Depending on the requirements of an organization’s strategy, leaders may face several pitfalls during implementation. Management should be aware of the challenges associated with implementation, including the following:

  • Compliance: Ensure that the strategy complies with the legal and regulatory requirements of the country in which the organization operates. It’s important to keep in mind, however, that laws and regulations change, particularly as the business landscape evolves. The strategy should change accordingly, if necessary.
  • Collaboration: Collaboration between different departments within an organization is often required when implementing a strategy. Roles and responsibilities must be allocated to each task, and a common methodology should be established. The completion of tasks across departments should be tracked, especially if one department’s tasks are dependent on the completion of another department’s tasks. The interdepartmental nature of an enterprise wide strategy might also result in tension between the different managers when it comes to the allocation of resources and the timeframes allocated to tasks. Keep in mind the leadership and governance structures provide principles on ensuring the holistic integration of a company’s culture.
  • Allocating financial resources: It might be difficult to obtain the necessary financial resources to implement the plan successfully, as there are usually competing needs within an organization.
  • Allocating human resources:  The implementation of some of the goals included in the strategy might require skills and expertise that the organization does not have. This will require the recruitment of additional human resources, which will have operational and financial implications.
  • Appropriate metrics: There might be differences in opinion as to which metrics should be used to measure the successful implementation of the plan. 
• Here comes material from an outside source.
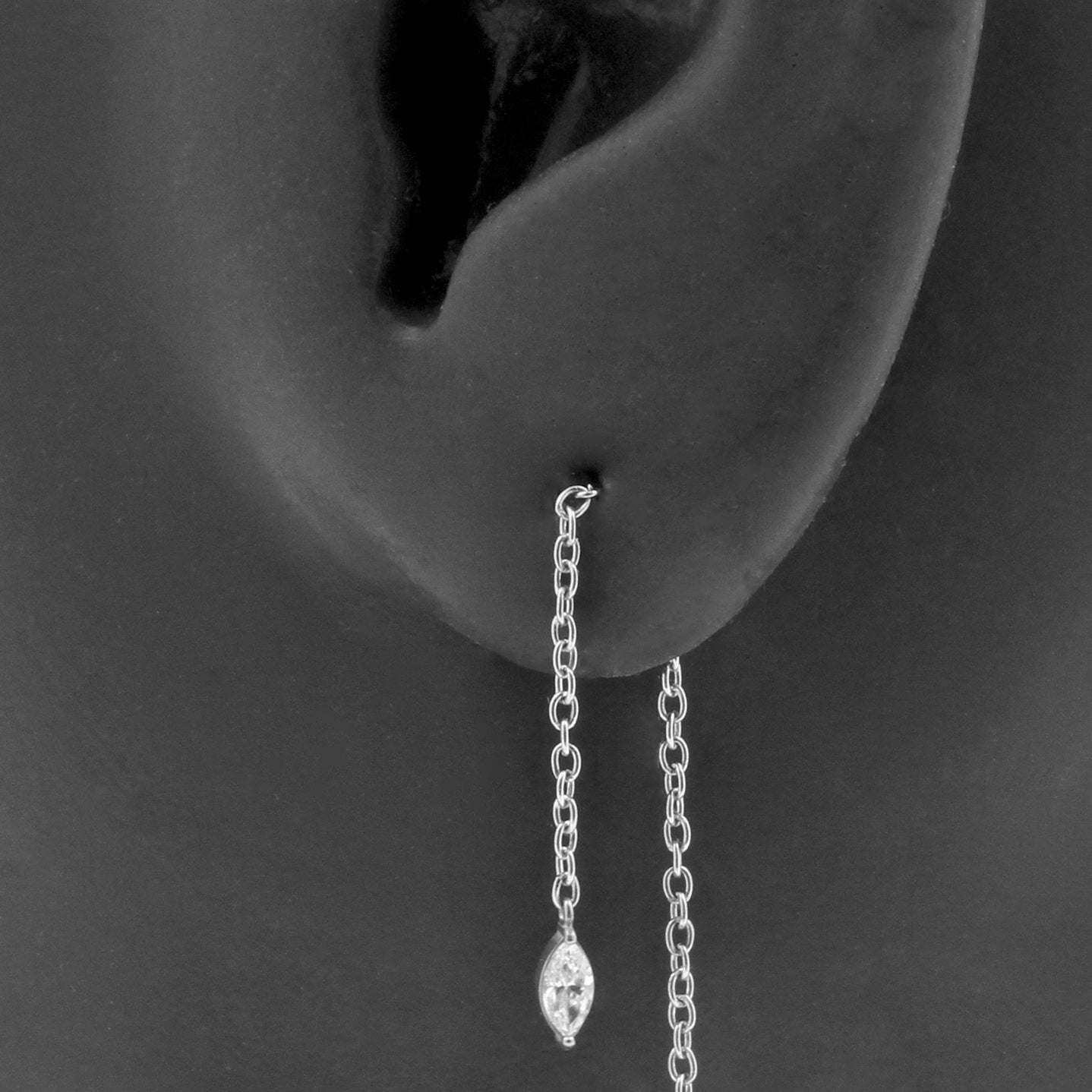 Surgical Steel Ear Threader - Zirconia Marquise Silver

  • Adaptability:  The business landscape is constantly changing, and new threats regularly arise. Therefore, strategies should be agile and reviewed on a regular basis, as some of the strategic goals might have to be updated.

Due to the complexities involved in the implementation of an enterprise wide strategy, an organization should appoint a leader who is responsible for the development and implementation of the strategy. This person should have the necessary skills and expertise to address the challenges that arise, and should have the authority to ensure that the strategy becomes a practical reality instead of just a paper exercise.